What you return must be the data below, word for word, without any images.
::: Data provided
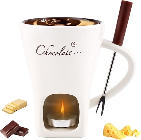 - Includes ceramic melting cup, tealight, and dipping fork
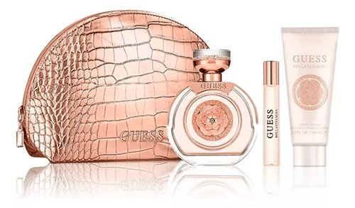 Set que incluye una Eau de Toilette de 100 ml, crema corporal de 100 ml y spray de viaje de 15 ml, con una fragancia femenina y romántica, ideal para cualquier ocasión.
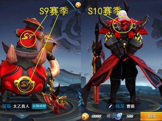 从S7虞姬的黄金四级皮肤之后,S8开始的白起以及S9的太乙到S10的曹操就更换成无畏之灵系列皮肤。那么我们先来看看S9的太乙,他的后背以及坐骑后背分别都有S9数字的赛季标志。曹操后背也印着S10赛季的标志。黄金系列皮肤引用的是中文,然而到无畏之灵系列皮肤就直接用数字。
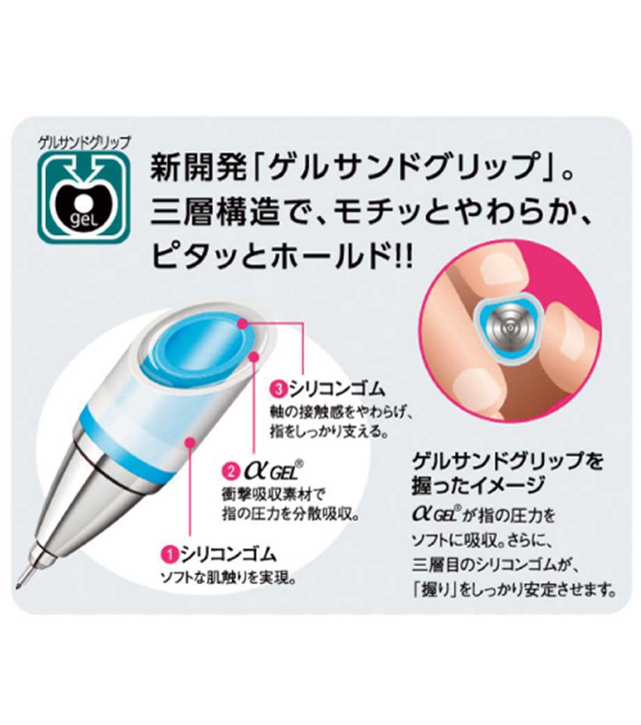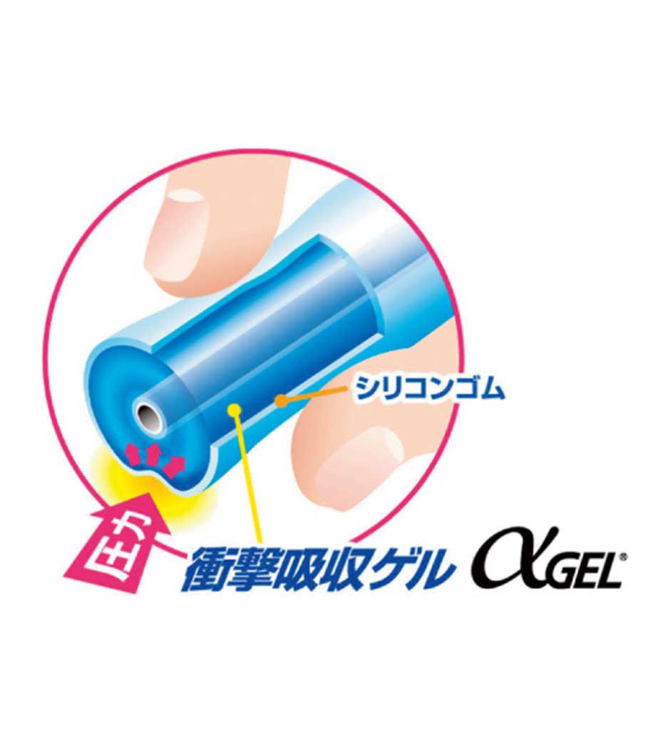 三菱鉛筆 ユニ アルファゲル(かため) 0.5mmのグリップはシリコーン素材の硬め高反発ゲル。太めで握りやすく安定感があり、快適な筆記をサポートしてくれます。ペン先は0.5mmで「シャカシャカ機構」搭載。ペンを振るだけで芯が出て学生さんの勉強のお供に最適です。
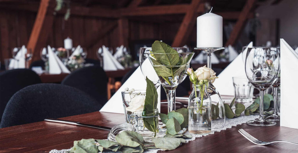 Till middag kan ni välja på en fin trerätters middag eller en härlig buffé. Läs mer om våra paket nedan och kontakta oss för mer information om allt våra bröllopspaket innehåller eller för mer information om våra buffépaket, från 990:-/person. Priserna gäller för 2025.
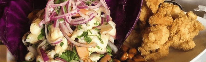 Ceviche de Pescado Crocante de Chicharron de Pescado/ Calamares y Yuca Frita
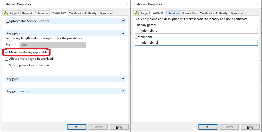 Отроется окно «Свойства сертификата» («Certificate Properties»), в котором необходимо:
::::::
▸ Task answer
 - Includes ceramic melting cup, tealight, and dipping fork
 Set que incluye una Eau de Toilette de 100 ml, crema corporal de 100 ml y spray de viaje de 15 ml, con una fragancia femenina y romántica, ideal para cualquier ocasión.
 从S7虞姬的黄金四级皮肤之后,S8开始的白起以及S9的太乙到S10的曹操就更换成无畏之灵系列皮肤。那么我们先来看看S9的太乙,他的后背以及坐骑后背分别都有S9数字的赛季标志。曹操后背也印着S10赛季的标志。黄金系列皮肤引用的是中文,然而到无畏之灵系列皮肤就直接用数字。
 三菱鉛筆 ユニ アルファゲル(かため) 0.5mmのグリップはシリコーン素材の硬め高反発ゲル。太めで握りやすく安定感があり、快適な筆記をサポートしてくれます。ペン先は0.5mmで「シャカシャカ機構」搭載。ペンを振るだけで芯が出て学生さんの勉強のお供に最適です。
 Till middag kan ni välja på en fin trerätters middag eller en härlig buffé. Läs mer om våra paket nedan och kontakta oss för mer information om allt våra bröllopspaket innehåller eller för mer information om våra buffépaket, från 990:-/person. Priserna gäller för 2025.
 Ceviche de Pescado Crocante de Chicharron de Pescado/ Calamares y Yuca Frita
 Отроется окно «Свойства сертификата» («Certificate Properties»), в котором необходимо:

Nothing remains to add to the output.